• **WORK ITEM**: Please repeat exactly the lines from the one containing "仝卓表弟的母亲也通过微博账号" to the end of the entries below, both included, and omit all pictures.

• **RECORDS FOR THE EXERCISE**:
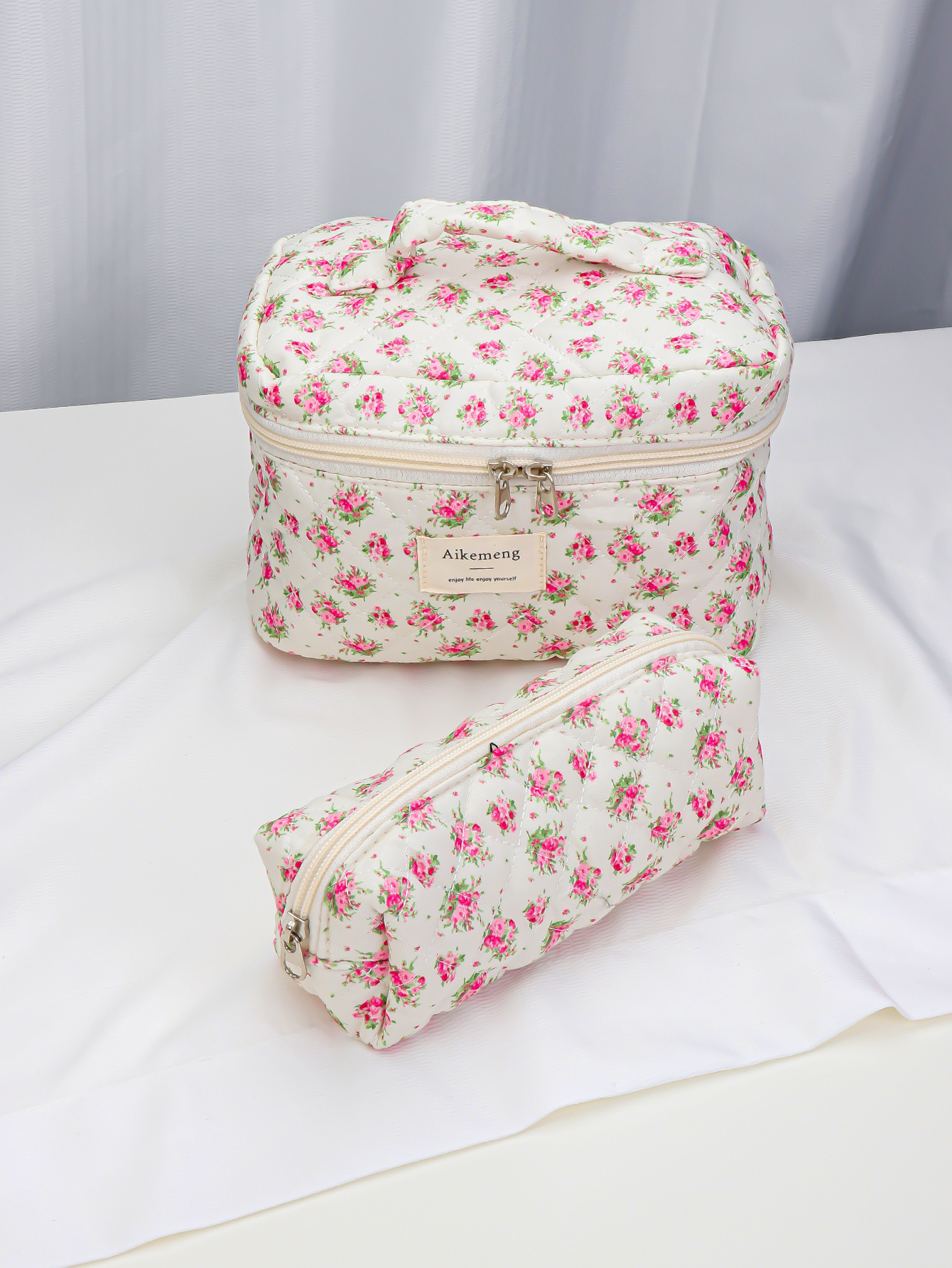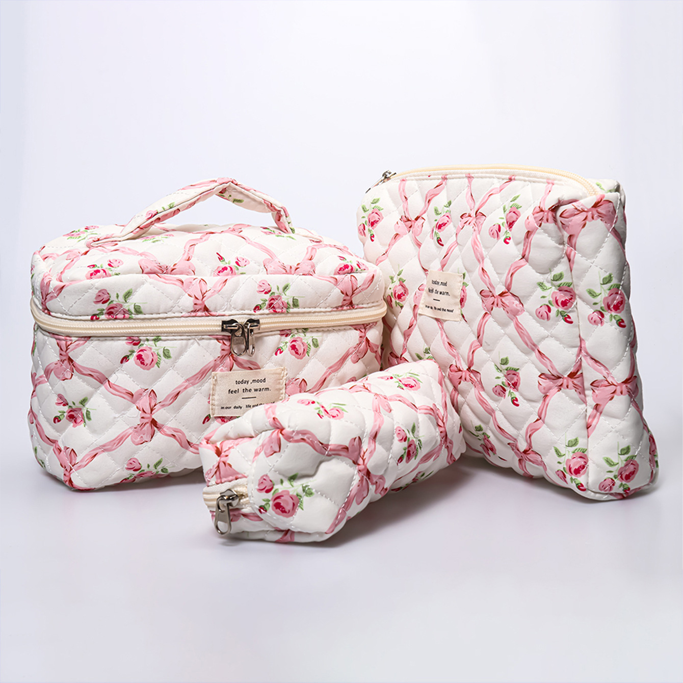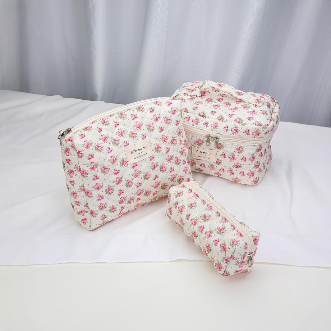 여행용 크로스보더 퀼팅 대용량 화장품 가방 휴대용 세면도구 수납 가방 꽃무늬 3종 세트
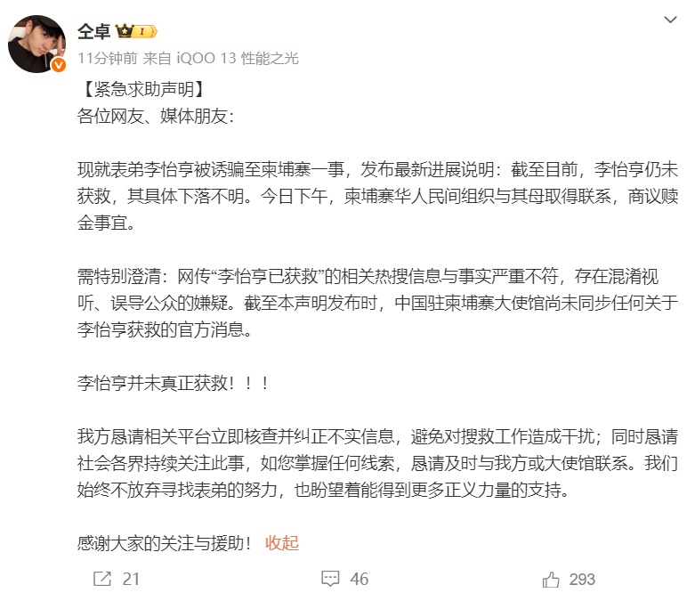 仝卓表弟的母亲也通过微博账号“单亲妈妈柬埔寨救子”确认了此消息。她在长文中介绍,儿子李怡亨在今年11月13日外出工作后失去联系。直到现在一家人都无法确认他的真实状况。
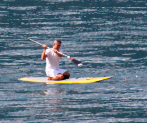 Here they are on the water, paddling, and um, enjoying the view. Then at night it’s out for dinner, throwing back some drinks, obviously accompanied by the ladies, one of them supposedly an Italian actress called Manuel Arcuri.
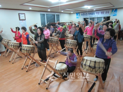 광주시 농업기술센터(소장 김학진)는 노년기 역할 상실에서 오는 노인의 심리사회적인 문제를 해소하고 지역발전에 기여할 수 있는 ‘농촌노인 사회활동 역량개발 시범사업’을 지난 4월부터 오는 11월까지 적극 추진하고 있다. 사진은 능력개발 분야인 '난타' 프로그램에서 노인들이 북을 활기있게 치는 모습.
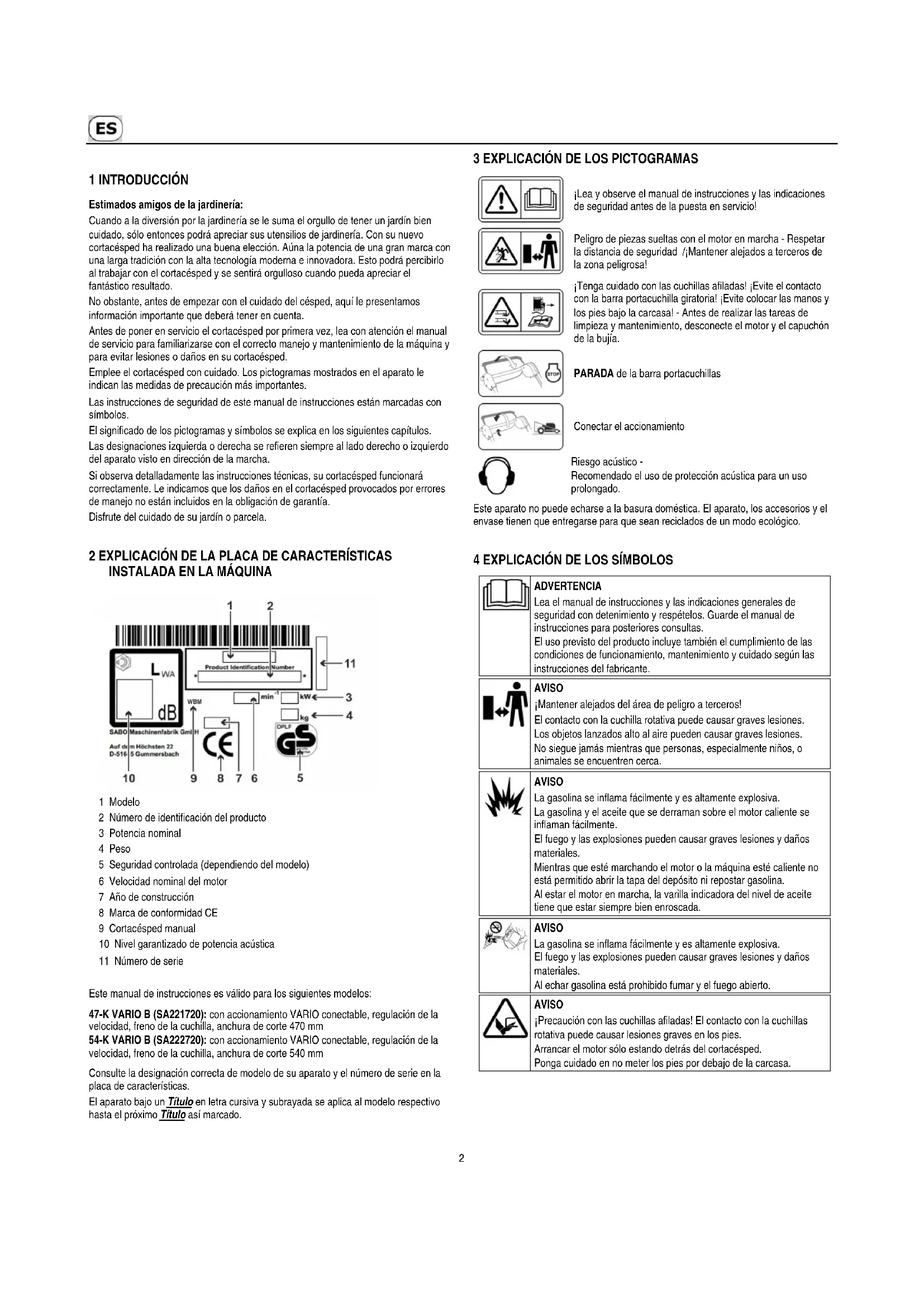 1 Modelo 2 Número de identificación del producto 3 Potencia nominal 4 Peso 5 Seguridad controlada (dependiendo del modelo) 6 Velocidad nominal del motor 7 Año de construcción 8 Marca de conformidad CE 9 Cortacésped manual 10 Nivel garantizado de potencia acústica 11 Número de serie Este manual de instrucciones es válido para los siguientes modelos: 47-K VARIO B (SA221720): con accionamiento VARIO conectable, regulación de la velocidad, freno de la cuchilla, anchura de corte 470 mm 54-K VARIO B (SA222720): con accionamiento VARIO conectable, regulación de la velocidad, freno de la cuchilla, anchura de corte 540 mm Consulte la designación correcta de modelo de su aparato y el número de serie en la placa de características. El aparato bajo un Título en letra cursiva y subrayada se aplica al modelo respectivo hasta el próximo Título así marcado.

• **EXERCISE ANSWER**:
 仝卓表弟的母亲也通过微博账号“单亲妈妈柬埔寨救子”确认了此消息。她在长文中介绍,儿子李怡亨在今年11月13日外出工作后失去联系。直到现在一家人都无法确认他的真实状况。
 Here they are on the water, paddling, and um, enjoying the view. Then at night it’s out for dinner, throwing back some drinks, obviously accompanied by the ladies, one of them supposedly an Italian actress called Manuel Arcuri.
 광주시 농업기술센터(소장 김학진)는 노년기 역할 상실에서 오는 노인의 심리사회적인 문제를 해소하고 지역발전에 기여할 수 있는 ‘농촌노인 사회활동 역량개발 시범사업’을 지난 4월부터 오는 11월까지 적극 추진하고 있다. 사진은 능력개발 분야인 '난타' 프로그램에서 노인들이 북을 활기있게 치는 모습.
 1 Modelo 2 Número de identificación del producto 3 Potencia nominal 4 Peso 5 Seguridad controlada (dependiendo del modelo) 6 Velocidad nominal del motor 7 Año de construcción 8 Marca de conformidad CE 9 Cortacésped manual 10 Nivel garantizado de potencia acústica 11 Número de serie Este manual de instrucciones es válido para los siguientes modelos: 47-K VARIO B (SA221720): con accionamiento VARIO conectable, regulación de la velocidad, freno de la cuchilla, anchura de corte 470 mm 54-K VARIO B (SA222720): con accionamiento VARIO conectable, regulación de la velocidad, freno de la cuchilla, anchura de corte 540 mm Consulte la designación correcta de modelo de su aparato y el número de serie en la placa de características. El aparato bajo un Título en letra cursiva y subrayada se aplica al modelo respectivo hasta el próximo Título así marcado.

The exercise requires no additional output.